Given "reasoning" is still undefined, I would not go so far as to claim that a C compiler is not reasoning. What if a C compiler's semantic analysis pass is a limited form of reasoning?
Furthermore, the C compiler can do a lot more than you think. The P99/metalang99 macro toolkits give the preprocessor enough state space to encode and run an LLM, in principle.
I can define "reasoning". Given number of observations and inference rules, infer new calculated observations.
> What if a C compiler's semantic analysis pass is a limited form of reasoning?
I guess you can say that C compiler can reason in specific narrow domain, because it is also a program and someone programmed it to reason in that domain.
I think C compiler was wrong analogy, because it is also a program. More correct could refer on some machine which executes ASM/C/bytecode etc. That machine(e.g. CPU or VM) is turing complete, but one need to write program to do reasoning. C compiler doing some semantic reasoning over say datatypes is example of such program.
The network has specific circuits that correspond to concepts and you can see that the network uses and combines those concepts to work through problems. That is reasoning.
Under this definition an 74LS21 AND gate is reasoning - it has specific circuits that correspond to concepts, and it uses that network to determine an output based on the input. Seems pretty overly broad - we run back into the issue of saying that a nightlight or thermostat is reasoning.

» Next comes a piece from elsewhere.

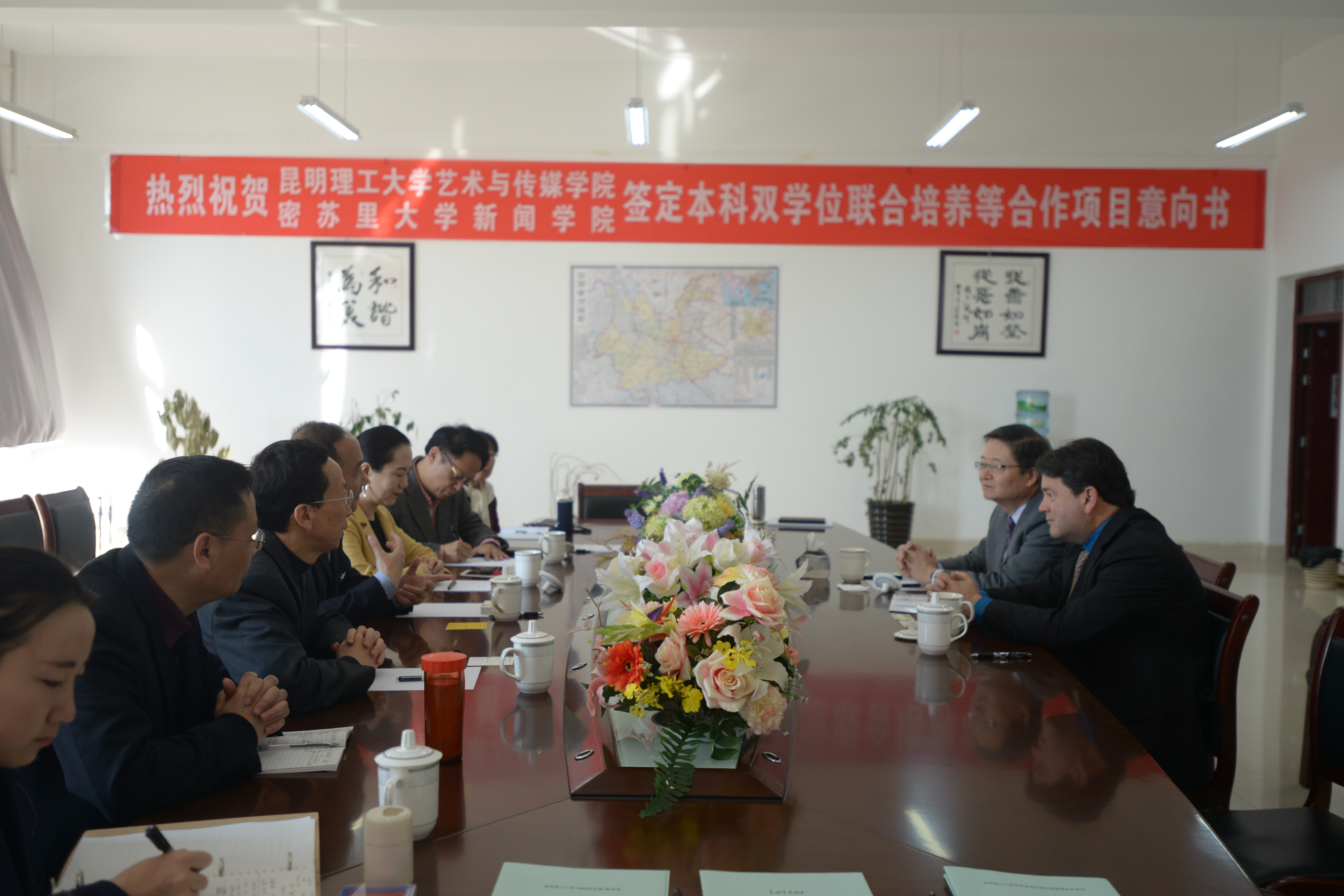 (简称昆明理工大艺传学院)成立于2009年9月,学院现有工业设计、产品设计、环境设计、视觉传达设计、数字媒体艺术、绘画、传播学、编辑出版学、广告学、播音与主持艺术等10个本科专业。密苏里大学新闻学院成立于1908年,是世界上第一所新闻学院,也是美国和世界上最优秀的新闻与传播学院之一。此次双方签署合作项目意向书,旨在通过两院间的跨国合作,鼓励两校学生积极参与交流合作项目,达到取长补短,提升双方的核心竞争力。

For true reasoning you really need to introduce the ability for the circuit to intentionally decide to do something different that is not just a random selection or hallucination - otherwise we are just saying that state machines "reason" for the sake of using an anthropomorphic word.
This restriction makes it impossible to determine if something is reasoning. An LLM may well intentionally make decisions; I have as much evidence for that as I have for anybody else doing so, ie. zilch. I'm not even sure that I make intentional decisions, I can only say that it feels like I do. But free will isn't really compliant with my model of physical reality.
Of course logic gates apply logical reasoning to solve problems, they are not much use for anything else (except as a space heater if there are a lot of them).
"Reasoning" implies the extrapolation of information - not the mechanical generation of a fixed output based on known inputs. No one would claim that a set of gears is "reasoning" but the logic gate is as fixed in it's output as a transmission.
LLM's are like Mad Libs with a "contextual predictor" - they produce syntactically correct output, and the "contextual predictor" limits the amount of nonsense because statistical correlations can generate meaningful output most of the time. But there is no "reasoning" occurring here - just syntactic templating and statistical auto-complete.